We could also compare the treatment effect at each level of PHQ-9 screen to the mean of all effects

cmp_meandev <- avg_comparisons(
  mod_lm_int_spline,
  variables = "trt",
  by = "phq9_screen",
  transform = \(x) x / sd_baseline,
  hypothesis = ~ meandev | contrast
)
cmp_meandev

Hypothesis	Estimate	Pr(>\|z\|)	2.5 %	97.5 %
Type: response
(1) - Mean	-2.1030	0.0642	-4.3298	0.124
(2) - Mean	-1.2218	0.1177	-2.7522	0.309
(3) - Mean	-0.4127	0.4150	-1.4052	0.580
(4) - Mean	0.2518	0.5257	-0.5258	1.029
(5) - Mean	0.6995	0.1063	-0.1493	1.548
(6) - Mean	0.8582	0.0662	-0.0574	1.774
(7) - Mean	0.6557	0.1278	-0.1883	1.500
(8) - Mean	0.1087	0.7914	-0.6970	0.914
(9) - Mean	-0.4089	0.4013	-1.3636	0.546
(10) - Mean	-0.5393	0.2559	-1.4698	0.391
(11) - Mean	-0.3450	0.3905	-1.1324	0.442
(12) - Mean	0.0068	0.9870	-0.8116	0.825
(13) - Mean	0.3487	0.4958	-0.6546	1.352
(14) - Mean	0.5461	0.3170	-0.5234	1.616
(15) - Mean	0.5958	0.2276	-0.3721	1.564
(16) - Mean	0.5273	0.2014	-0.2816	1.336
(17) - Mean	0.3701	0.3926	-0.4783	1.219
(18) - Mean	0.1539	0.8073	-1.0826	1.390
(19) - Mean	-0.0919	0.9212	-1.9131	1.729

Let’s plot it and compare it to our previous treatment effect vs.
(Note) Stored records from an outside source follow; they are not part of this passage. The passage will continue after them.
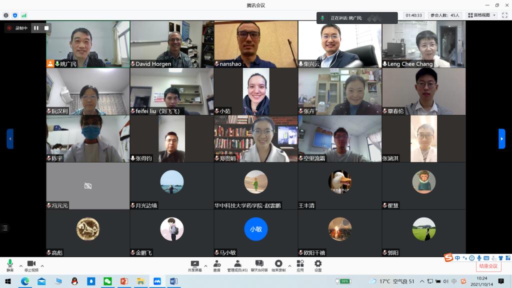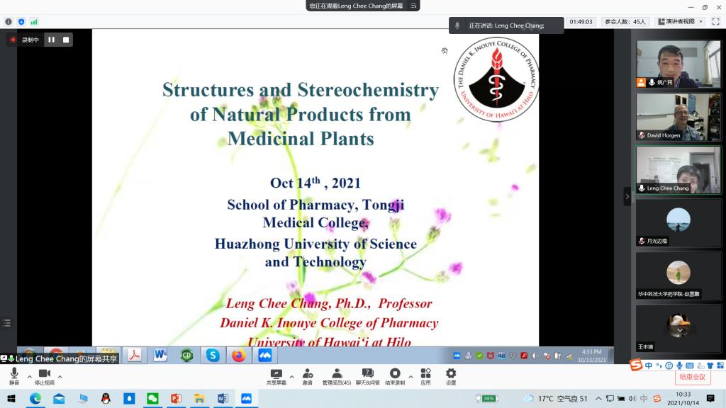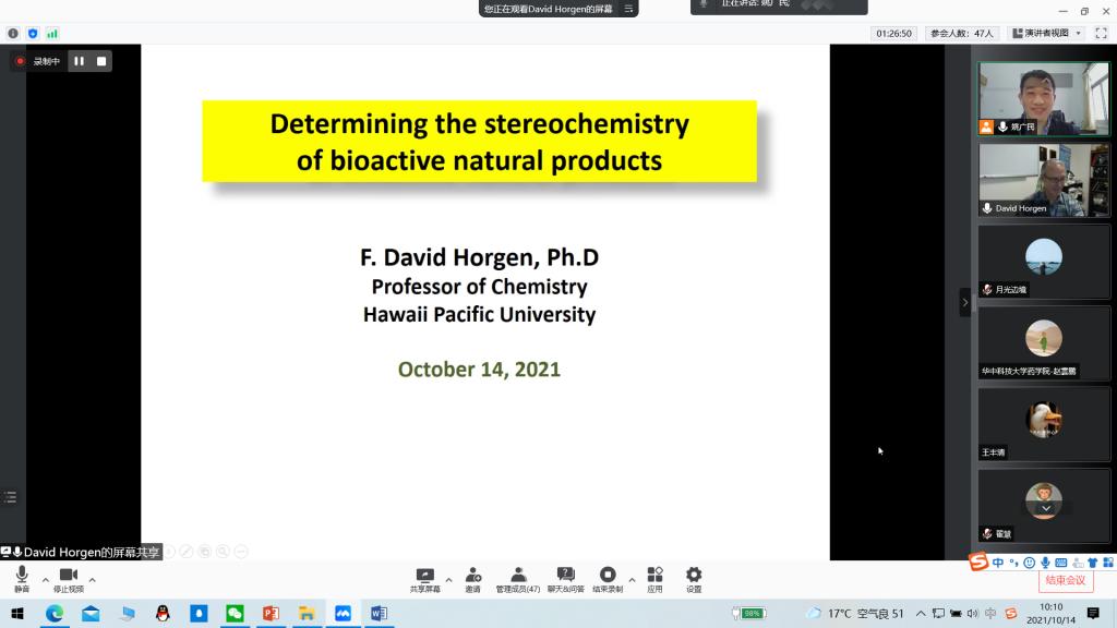 10月14日,夏威夷大学药学院Leng Chee Chang教授和夏威夷太平洋大学自然科学学院F. David Horgen教授应邀在腾讯会议线上平台为全院师生做了精彩报告。报告会由《药物立体化学》课程负责人姚广民教授主持,学院阮汉利教授等47名师生在线参加。
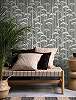 Dekor tapéta egybefüggő erdő mintával szürkészöld színben, vintage és bohém stílushoz
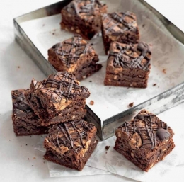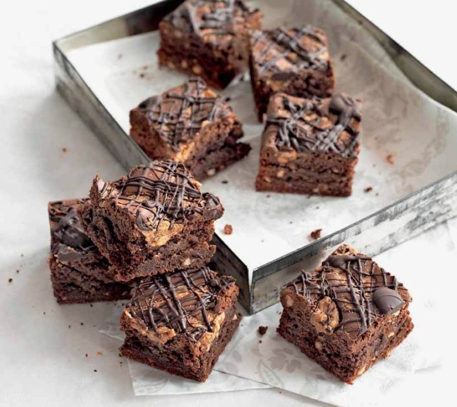 Raztopimo še preostalo čokolado in z njo okrasimo rjavčke. Slaščico popolnoma ohladimo v pekaču, nato pa razrežemo na kvadratke.
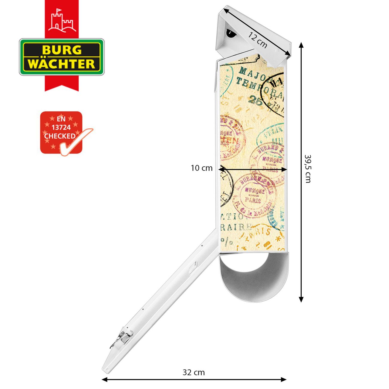 Der BURG-WÄCHTER Stahl Briefkasten mit Stempel Motiv bietet Ihnen mit seinem Fassungsvermögen genügend Platz auch für große A4 Sendungen und Zeitschriften. Das integrierte Regendach schützt Ihre Post vor dem Eindringen von Regen.

PHQ-9 figure.

p_spline_meandev <- cmp_meandev |>
  mutate(phq9_screen = row_number() + 1) |>
  ggplot(aes(x = phq9_screen, y = estimate)) +
  geom_line() +
  geom_hline(yintercept = 0, linetype = "dashed") +
  geom_ribbon(aes(ymin = conf.low, ymax = conf.high), alpha = 0.15) +
  labs(
    title = "Deviations from Mean Effect",
    x = "PHQ-9 at screening",
    y = "Deviation from mean effect (SD units, 95% CI)"
  ) +
  theme_minimal()

p_spline_es + p_spline_meandev +
  plot_annotation(
    title = paste(
      "Spline Interaction Model: Treatment Effect",
      "Varies Non-linearly with PHQ-9"
    )
  )

Ignoring unknown labels:
• colour : "Treatment group"
• fill : "Treatment group"

Note

The figure above illustrates point that the difference between “significant” and “not significant” is not itself statistically significant. In the left panel, the 95% CI for the treatment effect crosses 0 at some PHQ-9 values and not at others; this alone does not imply that the formal contrast between two treatment effects (e.g., PHQ-9 = 1 vs 15) is significant. The right panel shows that the direct comparison can be non-significant even when individual CIs differ in whether they include 0.

9 Summary

In this chapter you learned:

how to fit regression models with one binary and one numeric predictor
how conditional effects are interpreted when a moderator is continuous
the difference between additive (parallel slopes) and interaction models
how interactions change coefficient interpretation
how to estimate conditional and marginal effects using marginaleffects
how to visualize interactions using predicted values and treatment-effect curves

This chapter continues the foundation for working with multiple predictors, including both categorical and numeric variables.